Davacılar tarafından sunulan ön proje incelendiğinde dilekçelerinde belirttikleri … lehine verdikleri kefaletlerden ve ipoteklerden kaynaklı borçlardan hiç bahsetmedikleri, kefaletten kaynaklanan bu borçları hangi oranda veya vadede ödeyeceklerini belirtmedikleri, sadece şahsi borçlarını konu yaptıkları, alacaklıları arasında eşitlik ilkesini gözardı ettikleri, önprojelerinde belirttikleri şahsi borçlar açısından da ödeme kaynağı olarak farklı bir konkordato sürecinde bulunan adı geçen şirketten talep edecekleri miktarı belirsiz huzur hakkını ve…’ın geçimine yeter miktardaki emekli maaşını ve …’ın yine anılan şirkette çalışarak alacağı ihtimale dayalı yüksek maaşı gösterdikleri anlaşılmaktadır. Davacılar bildirdikleri borçları sebebiyle indirim isteyeceklerini ifade etmişler ise de bu indirim oranın ne olduğu da belirsizdir. Davacıların sunduğu projenin yasanın tarif ettiği anlamda bir konkordato projesi olmadığı açıktır. Ayrıca her ne kadar ….nden bağımsız bir proje sunduklarını ileri sürmüşler ise de ağırlıklı borçlarını teşkil eden şirkete kefalet kaynaklı borçların şirket tarafından ödenmesi halinde üzerilerindeki kefalet yükünün kalkacağını ve kişisel borçlarını proje çerçevesinde ödeyeceklerini belirtmeleri açıkça çelişkilerini göstermekle projelerinin bu eksik haliyle dahi şirketin konkordato başarısına dayandırıldığı ve bağımsız bir projeden bahsedilemeyeceği değerlendirilmiştir. Davacıların birbirinin aynısı olan konkordato ön projeleri yasanın aradığı anlamda eksiksiz bir proje olmadığı gibi şahsi borçları temelinde mevcut haliyle dahi projenin başarıya ulaşması mümkün görünmemektedir.
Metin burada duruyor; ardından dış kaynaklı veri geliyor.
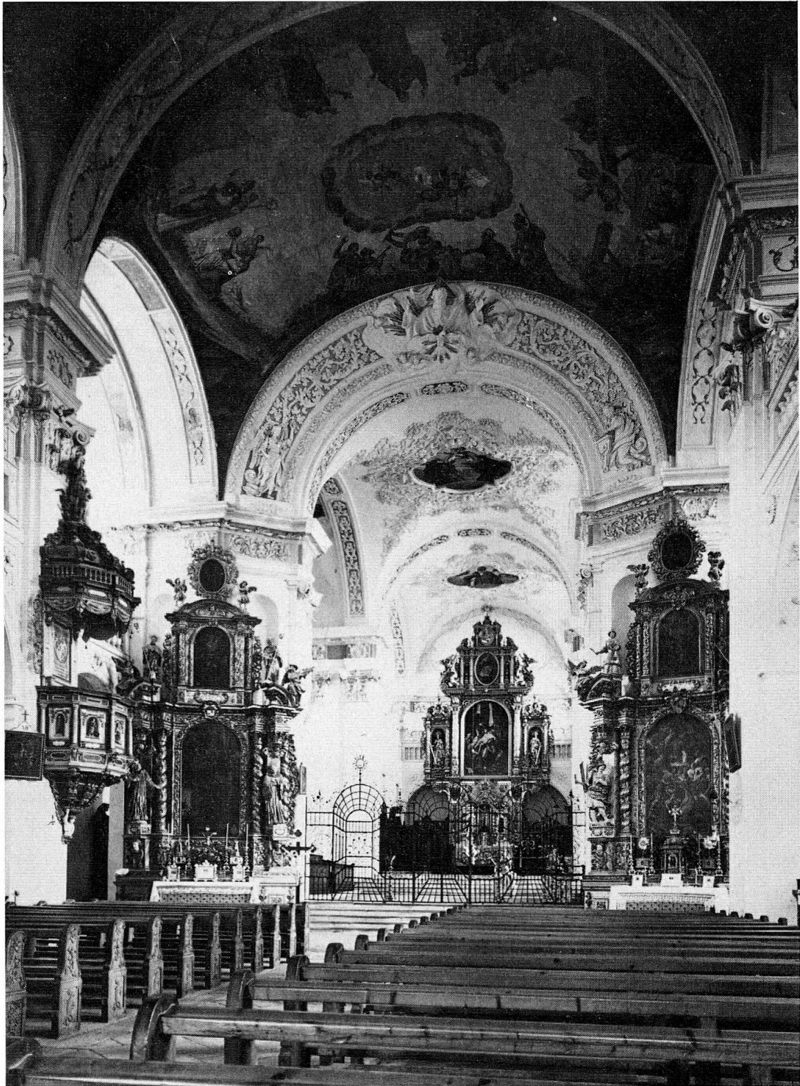
Barocke Klosterkirche im Jahre 1914 – Restaurierter Chor mit Fresken von Fritz Kunz.
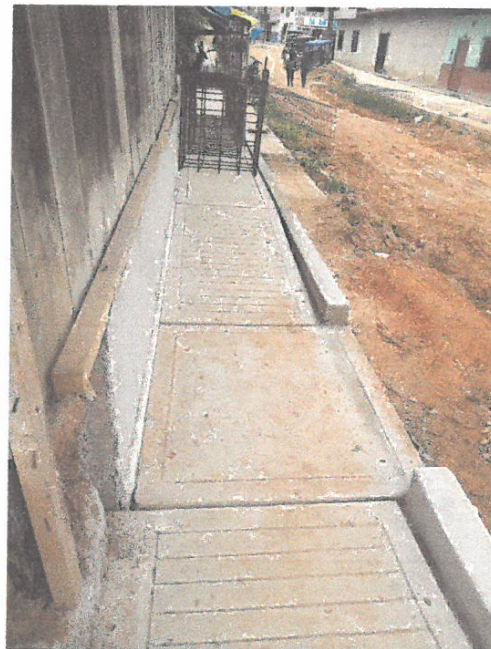
ACABADO DE RAMPA Y VEREDA EN LA CALLE CONDAMINE CUADRA 03 LADO IZQUIERDO.
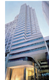
ニューヨークの 米国川商フーズ社
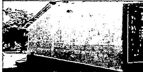
Foto 2: Pintura de muros exteriores e interiores de 7 aulas, dirección, cocinas, 2 bodegas y 2 modulos de baño.
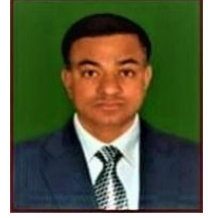
सामाजिक विकास मन्त्रालय
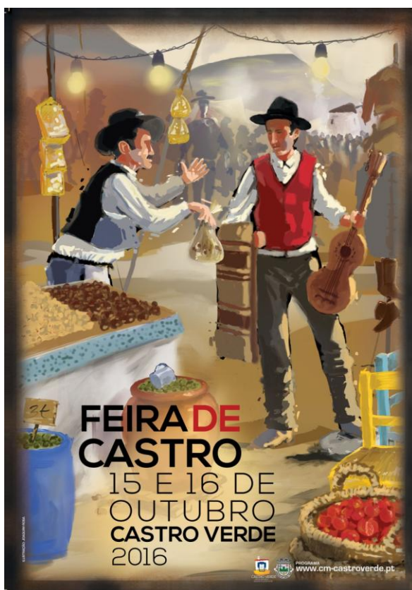
Figura 5 - Cartaz da Feira de Castro 2016 da autoria de Joaquim Rosa

Castro 2016”) na noite do dia 14 (sexta-feira), às 21h30, no Cineteatro Municipal de Castro Verde, com entrada livre. Os momentos performativos aqui em análise consistem nas atuações do Grupo de Violas Campaniças e do grupo “3 Vozes à Campaniça – Vitorino, Janita Salomé e Pedro Mestre” no Espetáculo da Feira de Castro 2016 e no XXVI Encontro de Tocadores de Viola Campaniça e Cantadores de Despique e Baldão.

Gerçek kişiye sadece icra takiplerinden korunmak amacıyla konkordato tasdik kararı verilmesi, konkordatonun amacıyla bağdaşır nitelikte değildir. Türk Borçlar Kanunu’nun kefalete ilişkin hükümlerini işlevsiz hale getireceği açıktır. Kanun koyucunun gerçek kişiler bakımından konkordato müessesine başvuruyu kabul etmesindeki amacın bu olmadığı açıktır. Bu anlamda davacının, İİK 286. maddesinde aranan şartları karşılayan belgeleri dosyaya sunamadıkları, projelerin usulüne uygun ve eksiksiz olmadığı, sunulan ön projede konu yapılan şahsi borçlar yönünden dahi konkordatonun başarısının borçlu şirketin konkordatosunun başarısına bağlandığı, kendilerine özgü konkordato tedbiri ve hedefi içermediği, bu açıdan da ön projelerin uygulanabilir olmasının (komiser marifetiyle ön inceleme yapılmasını gerektirmeyecek kadar açıkça) mümkün gözükmediği, borçluların sadece kefalet alacaklılarının icra tehdidinden kurtulmak amacı ile konkordato talep etmelerinin bu müessesenin amaçlarına uygun düşmediği değerlendirilmiştir.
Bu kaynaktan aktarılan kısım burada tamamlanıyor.